Copy every line below where the string "table" is found.

(Stored items from a collection)
----------------------------------------
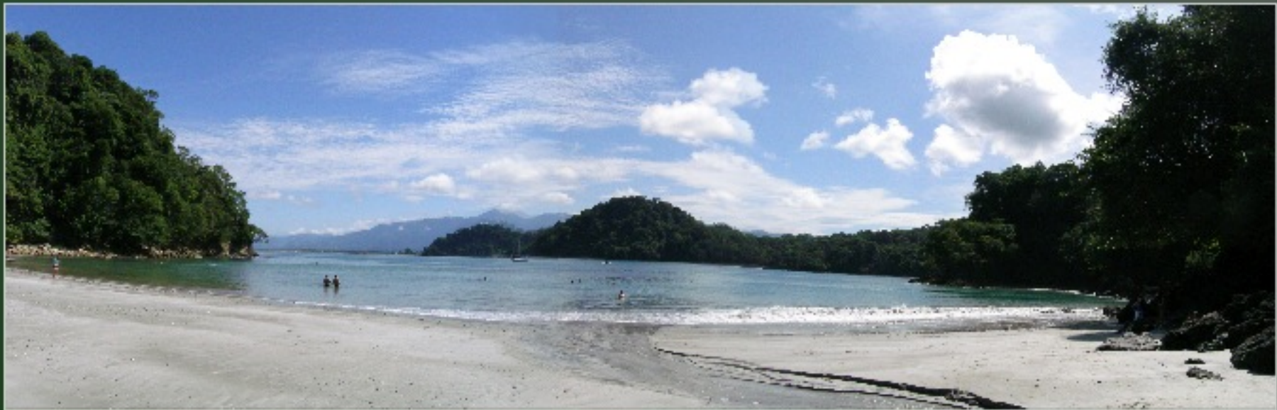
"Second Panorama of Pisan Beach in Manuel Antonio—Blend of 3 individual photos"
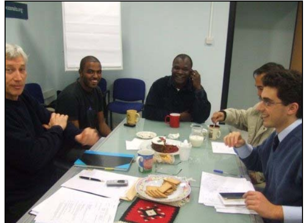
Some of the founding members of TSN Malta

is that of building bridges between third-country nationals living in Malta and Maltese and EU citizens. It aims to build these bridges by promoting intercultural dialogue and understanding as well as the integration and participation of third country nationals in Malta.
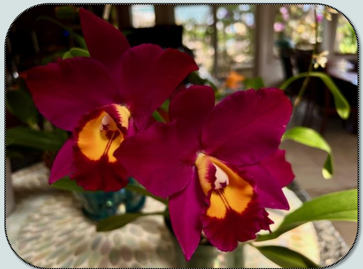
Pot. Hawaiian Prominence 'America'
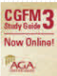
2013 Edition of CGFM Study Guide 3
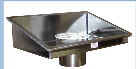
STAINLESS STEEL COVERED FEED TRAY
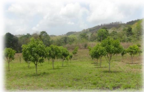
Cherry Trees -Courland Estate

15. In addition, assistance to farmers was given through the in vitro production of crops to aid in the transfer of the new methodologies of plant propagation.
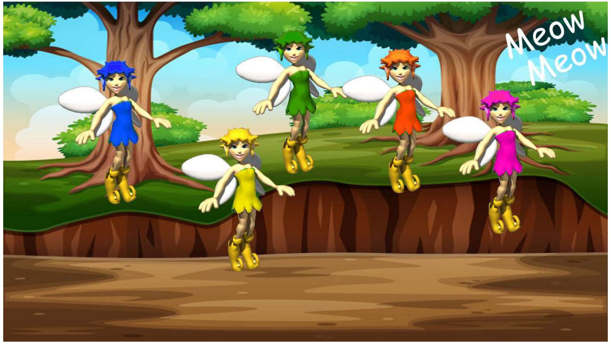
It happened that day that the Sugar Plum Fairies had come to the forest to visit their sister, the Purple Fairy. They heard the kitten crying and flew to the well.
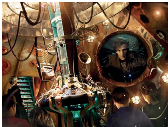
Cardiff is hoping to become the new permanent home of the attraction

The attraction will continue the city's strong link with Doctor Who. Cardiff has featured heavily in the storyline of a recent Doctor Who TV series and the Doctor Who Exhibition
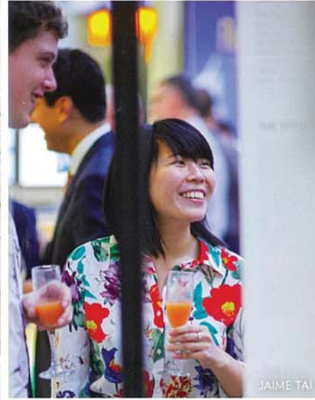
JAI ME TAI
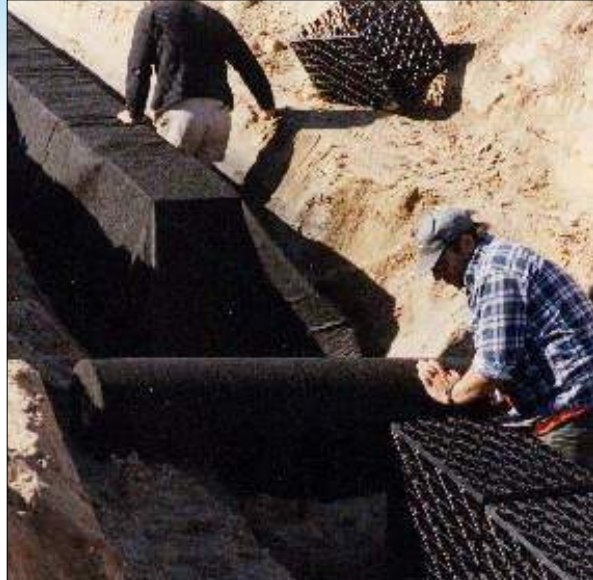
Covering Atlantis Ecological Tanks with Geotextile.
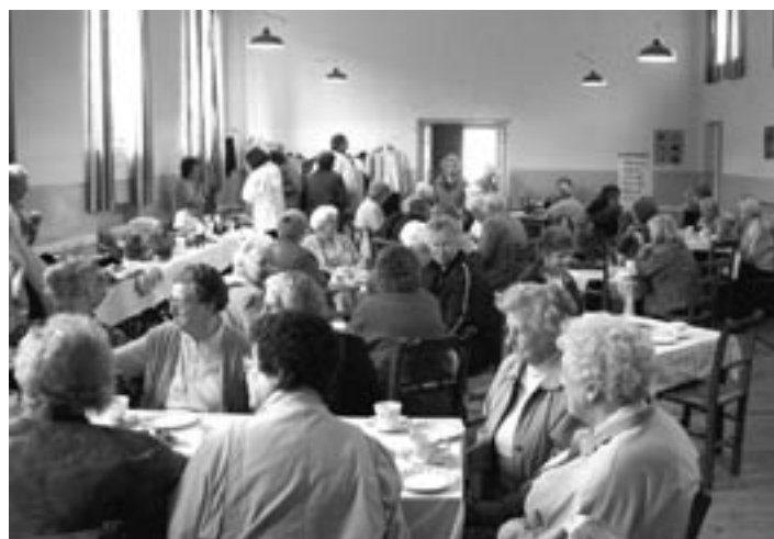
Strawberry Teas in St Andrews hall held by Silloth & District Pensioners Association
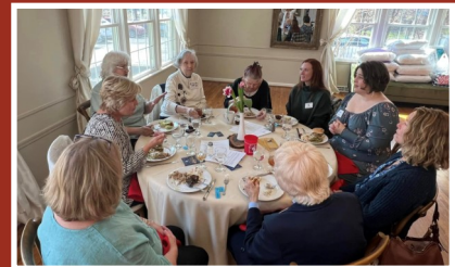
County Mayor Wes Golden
----------------------------------------
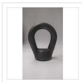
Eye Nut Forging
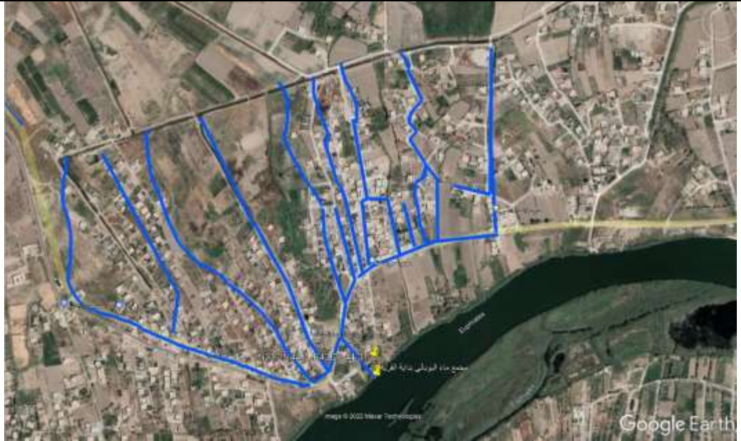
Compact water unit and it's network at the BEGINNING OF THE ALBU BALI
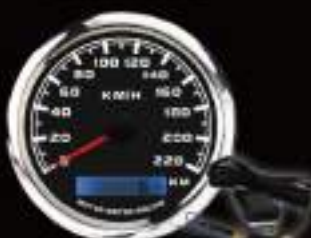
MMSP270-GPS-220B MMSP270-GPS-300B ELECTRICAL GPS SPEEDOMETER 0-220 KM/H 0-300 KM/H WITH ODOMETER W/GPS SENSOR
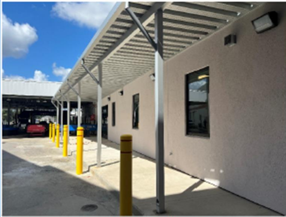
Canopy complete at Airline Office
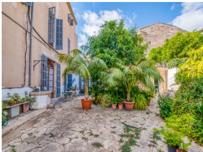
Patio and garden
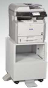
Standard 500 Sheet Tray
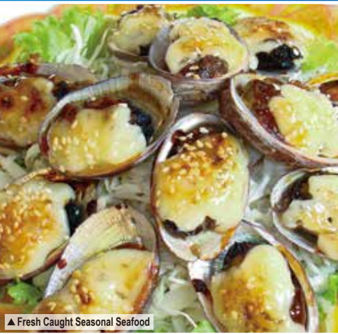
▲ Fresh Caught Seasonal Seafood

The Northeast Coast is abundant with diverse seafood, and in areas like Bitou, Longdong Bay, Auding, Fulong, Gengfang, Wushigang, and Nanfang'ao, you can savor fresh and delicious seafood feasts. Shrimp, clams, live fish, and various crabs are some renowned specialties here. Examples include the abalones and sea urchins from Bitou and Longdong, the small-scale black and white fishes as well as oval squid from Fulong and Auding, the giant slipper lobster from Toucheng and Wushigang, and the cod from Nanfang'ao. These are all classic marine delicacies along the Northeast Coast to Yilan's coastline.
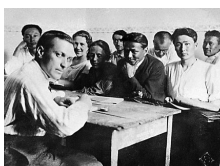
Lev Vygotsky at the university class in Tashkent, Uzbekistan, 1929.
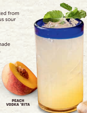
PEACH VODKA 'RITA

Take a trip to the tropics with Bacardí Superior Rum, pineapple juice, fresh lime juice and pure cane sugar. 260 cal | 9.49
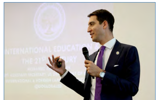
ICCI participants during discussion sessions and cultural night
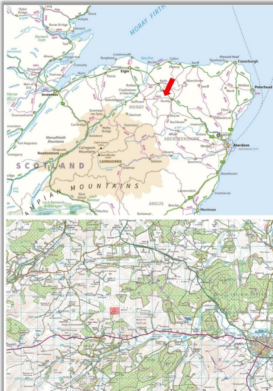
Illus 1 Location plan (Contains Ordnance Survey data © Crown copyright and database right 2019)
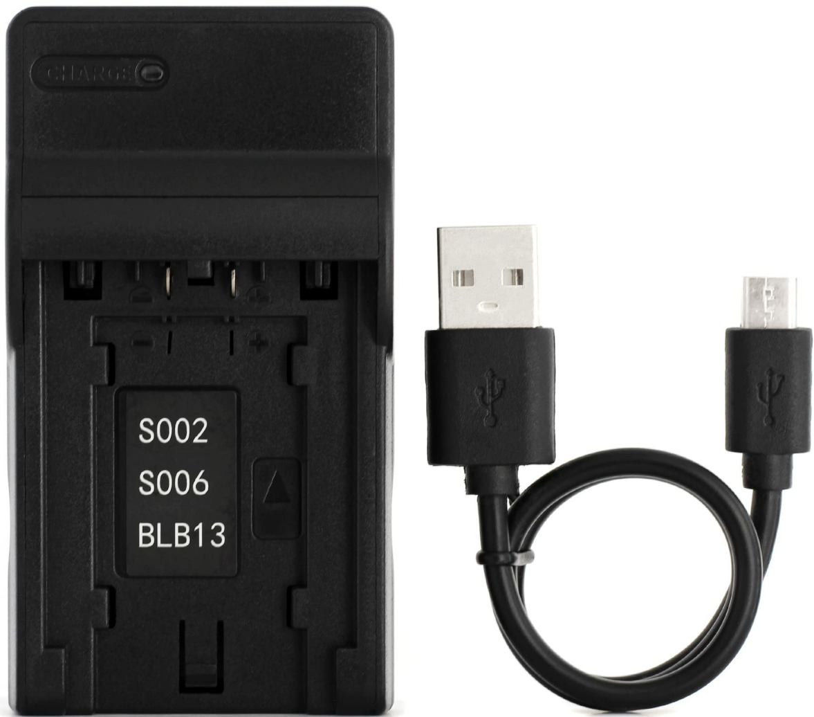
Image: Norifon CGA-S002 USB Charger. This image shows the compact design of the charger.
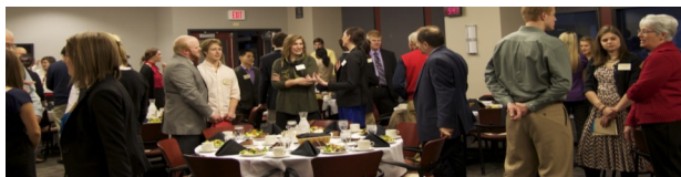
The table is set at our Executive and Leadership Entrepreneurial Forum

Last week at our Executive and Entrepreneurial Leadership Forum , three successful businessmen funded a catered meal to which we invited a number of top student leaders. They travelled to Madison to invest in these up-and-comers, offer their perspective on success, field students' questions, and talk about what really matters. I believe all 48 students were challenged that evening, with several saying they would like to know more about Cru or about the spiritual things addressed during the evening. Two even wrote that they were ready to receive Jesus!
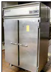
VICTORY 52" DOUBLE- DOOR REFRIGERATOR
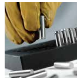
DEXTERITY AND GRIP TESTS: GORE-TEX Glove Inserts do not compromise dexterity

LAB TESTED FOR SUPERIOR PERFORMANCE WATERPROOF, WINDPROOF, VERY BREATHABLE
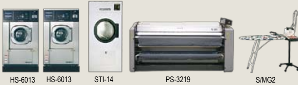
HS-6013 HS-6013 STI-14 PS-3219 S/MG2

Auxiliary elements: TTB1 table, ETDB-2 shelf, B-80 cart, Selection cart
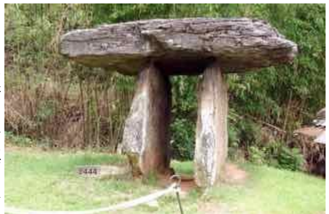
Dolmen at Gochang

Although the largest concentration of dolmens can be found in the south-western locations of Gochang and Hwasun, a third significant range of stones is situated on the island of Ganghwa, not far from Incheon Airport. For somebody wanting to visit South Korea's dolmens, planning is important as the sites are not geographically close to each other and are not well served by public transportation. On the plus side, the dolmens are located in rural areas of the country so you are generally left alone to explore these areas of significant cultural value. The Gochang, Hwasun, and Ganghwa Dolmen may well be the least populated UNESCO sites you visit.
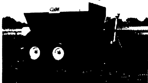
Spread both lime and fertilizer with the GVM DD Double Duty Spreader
----------------------------------------
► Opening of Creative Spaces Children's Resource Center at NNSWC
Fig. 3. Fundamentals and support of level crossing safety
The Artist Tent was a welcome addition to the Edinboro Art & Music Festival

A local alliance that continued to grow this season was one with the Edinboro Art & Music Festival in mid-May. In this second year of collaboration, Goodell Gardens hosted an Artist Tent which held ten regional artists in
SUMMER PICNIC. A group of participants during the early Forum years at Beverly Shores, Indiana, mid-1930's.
----------------------------------------
◆ Task response
The table is set at our Executive and Leadership Entrepreneurial Forum
Auxiliary elements: TTB1 table, ETDB-2 shelf, B-80 cart, Selection cart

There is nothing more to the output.